Agreed. Not only will that get more developers, but it will also bring more consumers. Like I said in my earlier post, when people think Android, they don't see a rooted super phone running the latest build of CM, they think of the all plastic, cheap looking phone stuttering with Froyo and being offered for free with a new contract.
If there was a standard for Android phones, then all phones could be as amazing as the Galaxy Nexus or the SGS II and Android would have no problem competing with an iPhone or WP7 phone.
All good points. I wonder if in the end Android will fizzle and burn out. The reason I say that is because it is obvious that having 100+ Android phones out there with all sorts of hardware configs, running all different versions of the OS, with different manufacturer and carrier crap on them, that while that gives us options, it may be too much for devs in the long run.
I mean, we have hardware out now that is all jumbled.

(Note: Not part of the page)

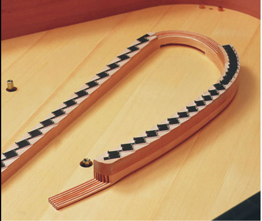 Ngựa đàn khu vực âm cao được ghép dọc từ 13 lớp gỗ thích và gỗ Gụ (Mahogany), giúp tăng cường độ bền chắc và tối ưu khả năng truyền tải năng lượng âm thanh.

We have hardware out that the current OTA software cannot really make use of, and by the time we actually get an OTA that does, our phones will be discontinued and left behind.

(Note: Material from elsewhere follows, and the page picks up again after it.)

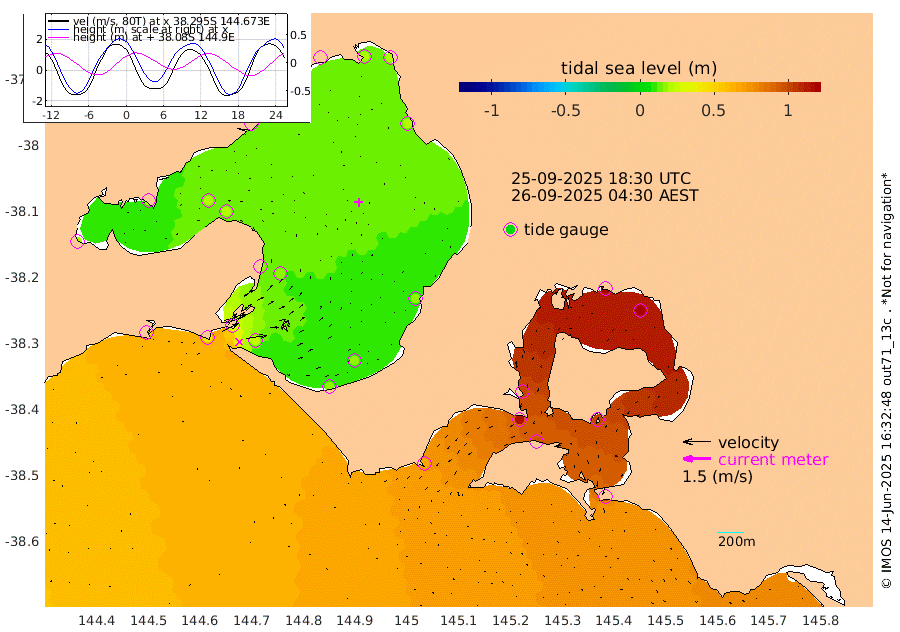 100cm San Remo 99cm Elizabeth Island 119cm Bouchier Channel 118cm Tooradin 97cm Cowes Jetty 98cm Western Port (Stony Point) 114cm Western Port (Sandy Point) 67cm Flinders Jetty 16cm Mornington 19cm Sandringham 15cm Rosebud Jetty 17cm Hovell Pile 25cm South Channel 38cm Point Lonsdale 26cm Queenscliff 19cm West Channel Pile 42cm Barwon Heads 18cm St Leonards 22cm Point Richards (Corio Bay) 21cm Point Richards Channel 22cm Geelong 20cm Werribee 20cm Altona 21cm Wilson Spit 20cm Melbourne (Williamstown) 21cm St Kilda

I love that we have all this freedom, but with that freedom comes a cost. Its hard to develop for, and it is hard to support. It is hard to update in a consistent and timely manner. Its hard to be 100% compatible.
Yeah, its free, but free will only get you so far. In the end, if there is something that is much better, people will pay for it to get what they want, rather than get something free that is merely "good enough"... The problem is that Android is built on this paradigm, and the only way to standardize and put some controls and things in place, would turn it into something else.
I see Android as an "empire" that builds up and dominates very fast, and then because of the very things that lead it to greatness, it will implode in on itself.
I am interested to see where WM phones go in the future.